Employment in Hampton Roads is clearly on the rise. According to the Virginia Employment Commission, civilian non-farm employment is just over 760,000 jobs, an increase of approximately 20,000 jobs on a seasonally-adjusted, year-over-year basis. As of June 2013, the civilian unemployment rate in Hampton Roads stood at 6.4 percent, well below the national average of 7.8 percent. Sequestration has had little effect on the region, at least thus far. New multi-family properties are being delivered, and unprecedented demand is fueling absorption.
The Huntington-Ingalls shipyard in Newport News, the largest civilian employer in the state, has recently posted healthy profits and announced new contracts for shipbuilding, totaling $5.3 billion. That brings the total backlog of work for the company to $20.7 billion, of which $13.7 billion is funded. This backlog provides a cushion of sorts for the company, insulating it for several years from potential impacts of sequestration. Another major regional employer, Canon, has announced a $27 million expansion to their Newport News Copier plant. These and other civilian job announcements are serving to quell concerns over sequestration.
The apartment market here is good and getting better. It is, and has been for many years, the leader among its Southeastern peer markets in average rents. The average among all ages and sizes of apartment properties (other than senior or subsidized housing) is $946, according to Real Data. Rents here are higher, by $78 per month, than Raleigh/ Durham, and nearly $104 over the average in Charlotte. It is, by a slim margin, the third-best Southeast MSA in occupancy, at 94 percent.

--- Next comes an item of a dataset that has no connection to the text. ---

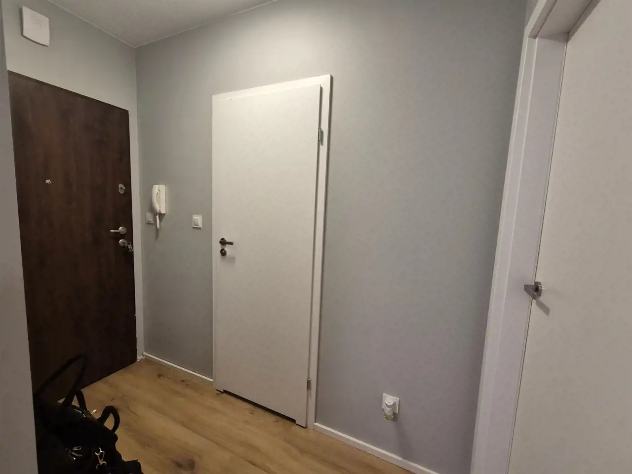 W przedpokoju szafa w zabudowie.
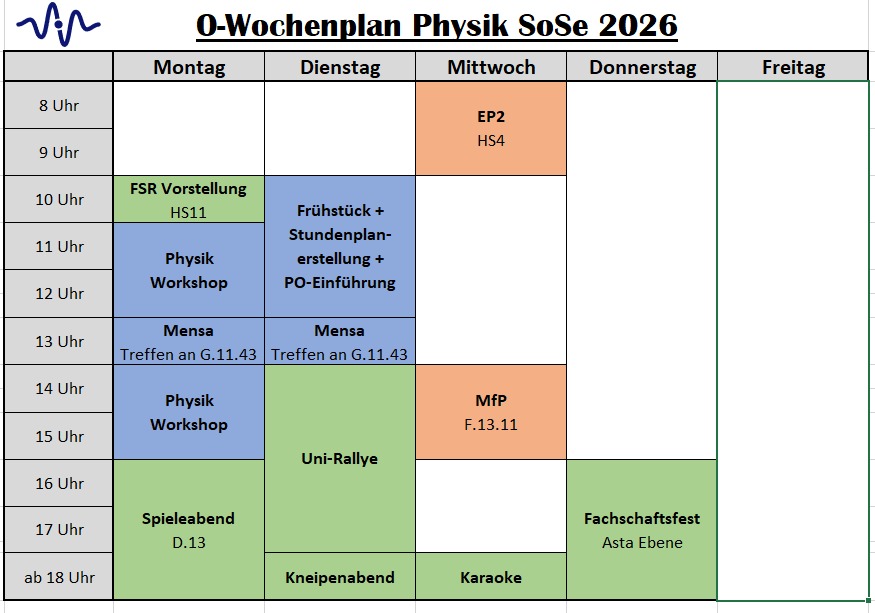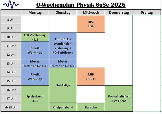 Der Plan für die O-Woche SoSe26 ist hier abgebildet. Mit einem Klick aufs Bild vergrößert sich die Ansicht.

Rent growth in the MSA has been steady, but less than spectacular. Rents increased in the last year at a rate of only 1.3 percent, according to Real Data. What must be remembered, however, is that some nearby markets are still returning from deep rent declines during the recessionary period. Not so in Hampton Roads. The most notable decrease was from second quarter 2008 to second quarter 2009, when overall average rents went down from $876 to $869. Rents have shown a slow but steady growth since then.
In the last six months, vacancy dropped from 7.3 percent to 6.0 percent. And in that time, 880 units were added to the supply but 1,756 units were absorbed, indicating the strongest demand ever. But for the new units in lease-up, the vacancy rate of stabilized units was 5.5 percent, according to Real Data.
The pace of apartment development has increased in Hampton Roads, but not nearly at the pace of other markets such as Raleigh and Charlotte. Hampton Roads currently has 3,800 units under construction and another 2,800 planned. This will result, when all are completed, in a 7.1 percent increase in our multifamily stock. The total number of units being built and proposed in Charlotte would be a whopping 18.7 percent and in Raleigh it would be more than 19 percent. It appears that new unit growth in Hampton Roads is quite moderate, and there is clear indication that it will be moderate in the future. The number of units under construction today is significantly higher than the number of units proposed, for the first time in many years. This is evidence of a combination of substantial barriers to entry and good common-sense planning.
With supply moderation, home prices rising, mortgage standards remaining strict and the penchant for younger people to rent rather than buy, we believe a healthy multifamily market is in store for the foreseeable future.